Because of this, Logstash is suitable for almost any logging requirements that you might have.
Logstash can run on Linux too, making it highly responsive and stable.
It can be run as a service on Debian or it can be installed via RPM.
Of course Logstash isn’t limited to these options, and it can be installed on Docker or Windows too, but the Linux option is key for many people that need to introduce it into their environments without needing to rely on Microsoft for the installation platform.
If you would like to try it out for yourself then you can download it from here.
Free and Open Source
We’ve taken in quite a few different products in our roundup, and each of them is suitable for syslog in its own way.
How you decide on what to do with your logging requirements is again highly subjective, so hopefully you have seen something here that fits your technical capabilities, your logging requirements and your budget.
We found that Kiwi Syslog was about the best for general use in terms of performance and capabilities, while managing to offer both a free version as well as a paid for edition.

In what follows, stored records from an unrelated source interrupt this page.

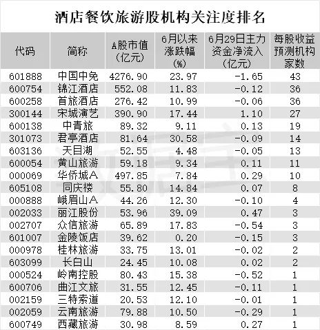 旅游概念股机构关注度排名
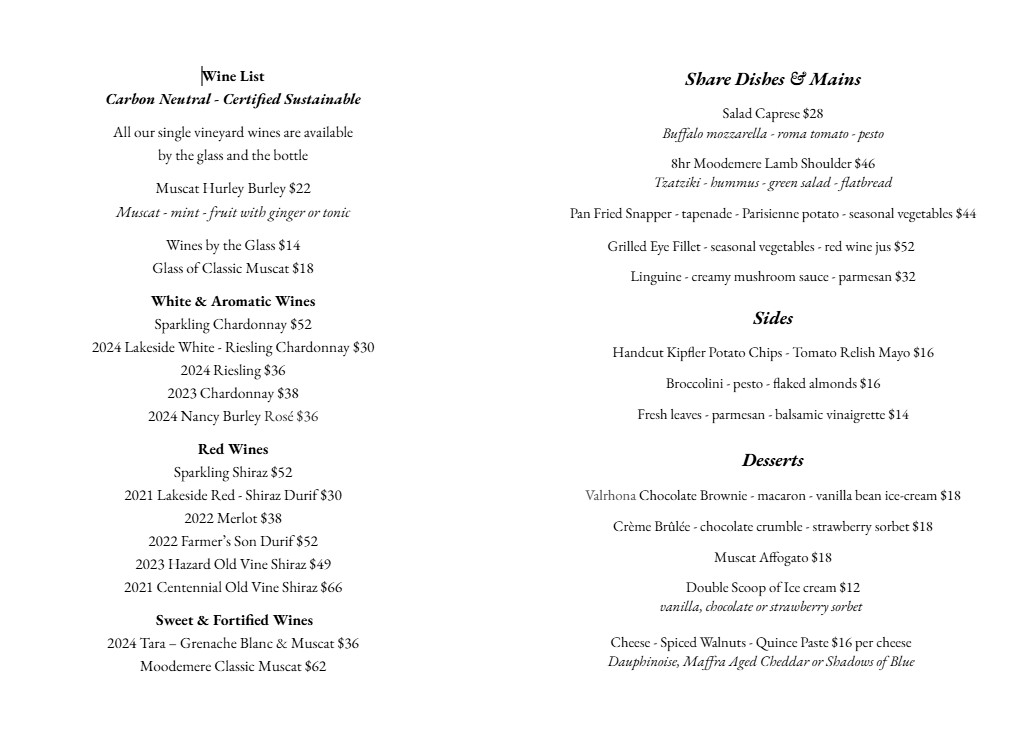 Casual & Fine Dining: Showcases local produce & suppliers from Rutherglen and surrounds. The seasonal menu focuses on the best locally sourced produce and suppliers and includes a variety of gluten free, dairy free, vegetarian and vegan options. The vineyard that sits on the Cofield Wines site, is called the "Quartz Vein Vineyard", hence the inspiration behind the name.
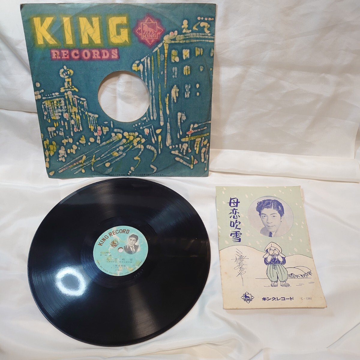 - 419【古い/SP盤レコード】母恋吹雪 江差恋しや 三橋美智也 C-1392 歌詞カード 袋付き 和モノ 蓄音機 昭和歌謡 流行歌 懐メロ
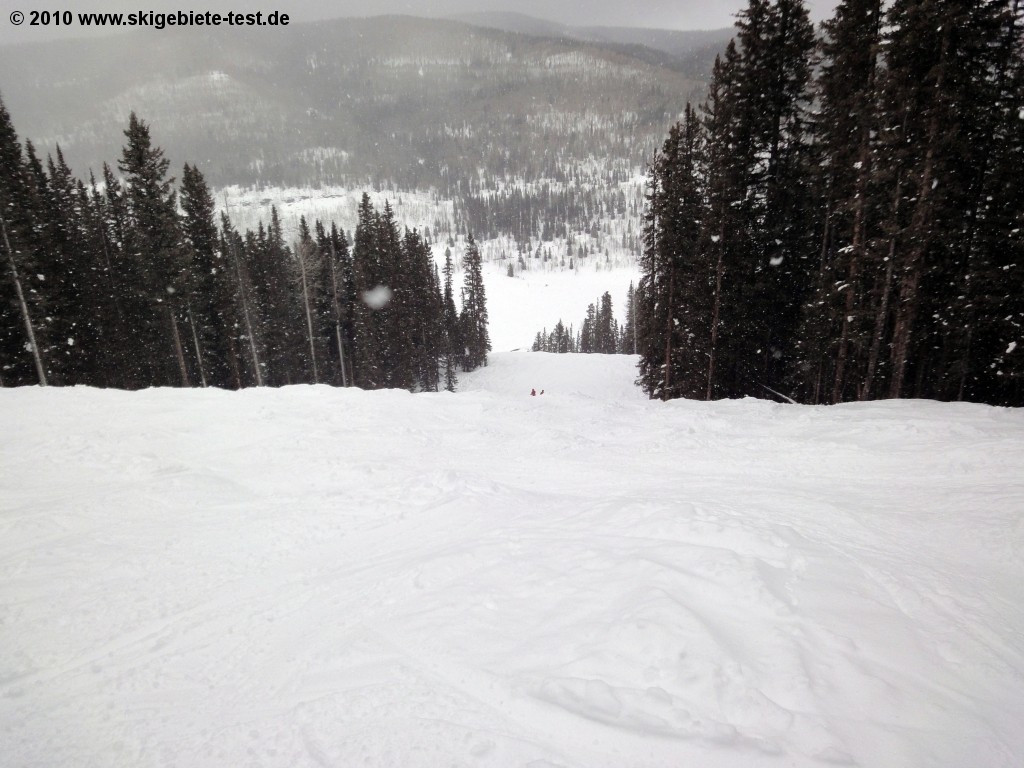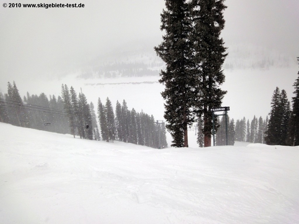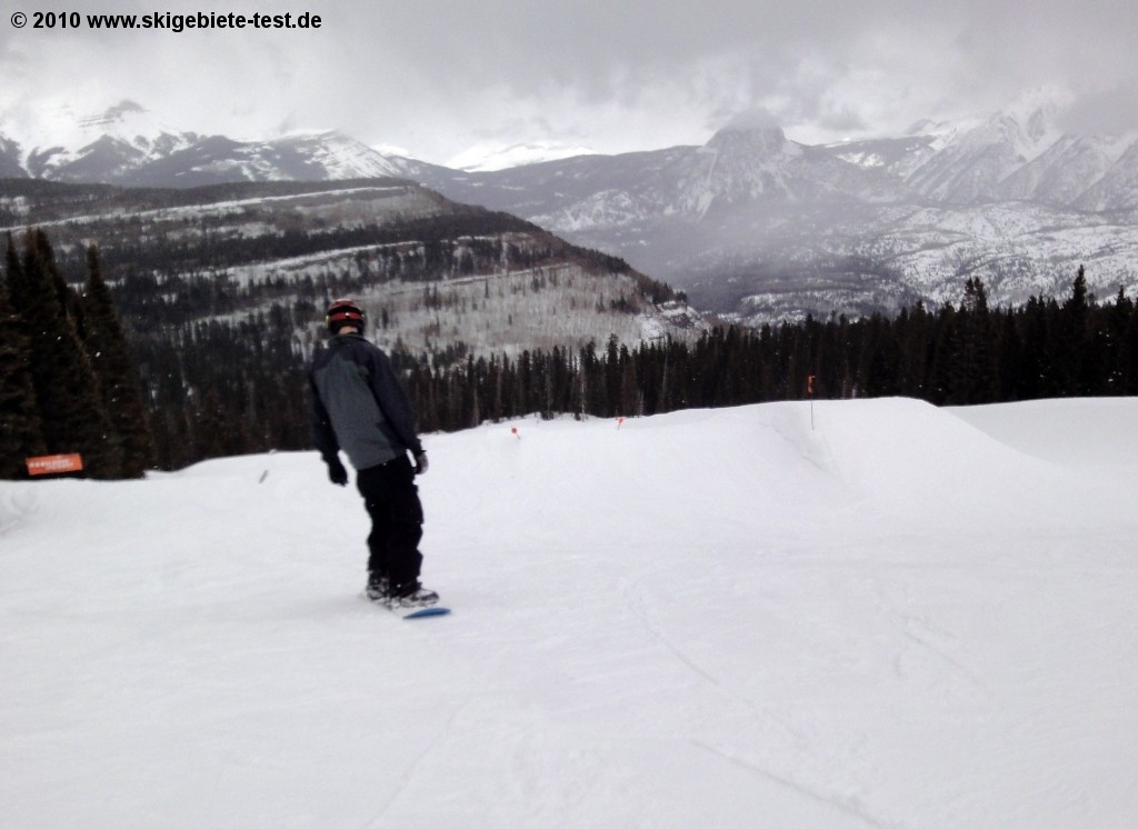 Durango Purgatory has pretty much everything a snowboarder could wish for. Down mountain from the Powderhouse (the restaurant at the upper terminal of the Engineer lift) they've installed a nice halfpipe on the Pitchfork trail. Just below the restaurant are a few small kickers. For more, check out the Paradise Freestyle Arena at the upper terminal of the Needles lift, where you'll find the more challenging kickers and rails. Up mountain from the base terminal of the Purgatory Village Express is another terrain park especially for the more advanced snowboarders. Unfortunately, Purgatory does have one huge disadvantage: the entire ski area is located below the tree line, so you won't find any wide open powder runs. What you will find is a balanced selection of easy slopes off the Twilight lift and intermediate slopes between the Hermosa Park Express and Legends lift in the western part of the ski area. There are also a few exhilarating tree runs through the San Juan National Forest. Basically, as is true for skiers, beginner and intermediate snowboarders won't get bored quickly at Durango. It's the more advanced skiers and boarders who may not be satisfied with the limited selection of black diamonds.
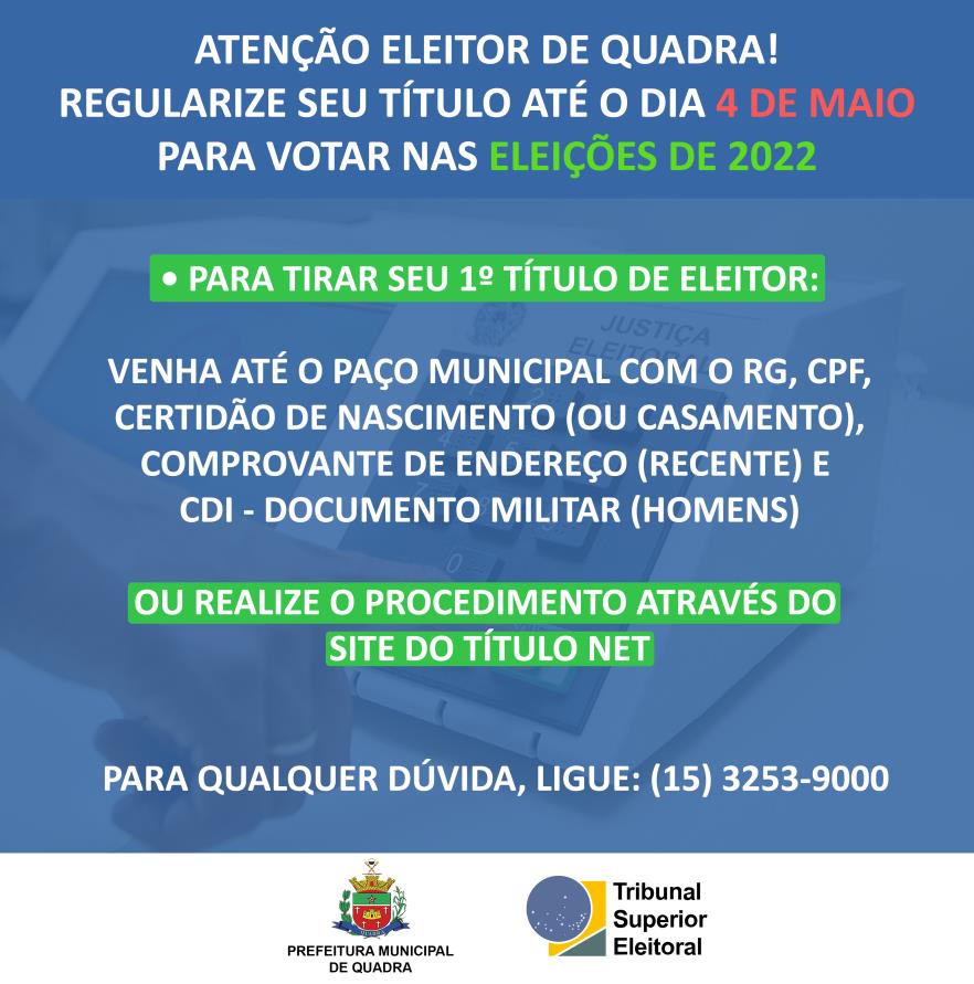 ATENÇÃO ELEITOR DE QUADRA! REGULARIZE SEU TÍTULO ATÉ O DIA 4 DE MAIO PARA VOTAR NAS ELEIÇÕES DE

Both of these applications work well, with some limitations on the free version.
The product is supported and offered as a product from SolarWinds.
SolarWinds is a solid company that updates their software regularly.
They are able to maintain and keep their products competitive and relevant, so in our books we really like the Kiwi Syslog Server application as it simplifies and centralizes the syslog functions that most companies need to get by with.
We hope that you have found this review article helpful, and that it has helped you to understand what some of the main features are that ship with today’s syslog solutions.
As we have seen there are many different kinds of approaches that can be taken when looking at syslog solutions.
There is bound to be something for everyone in our list and we hope you get the right solution for you and your business.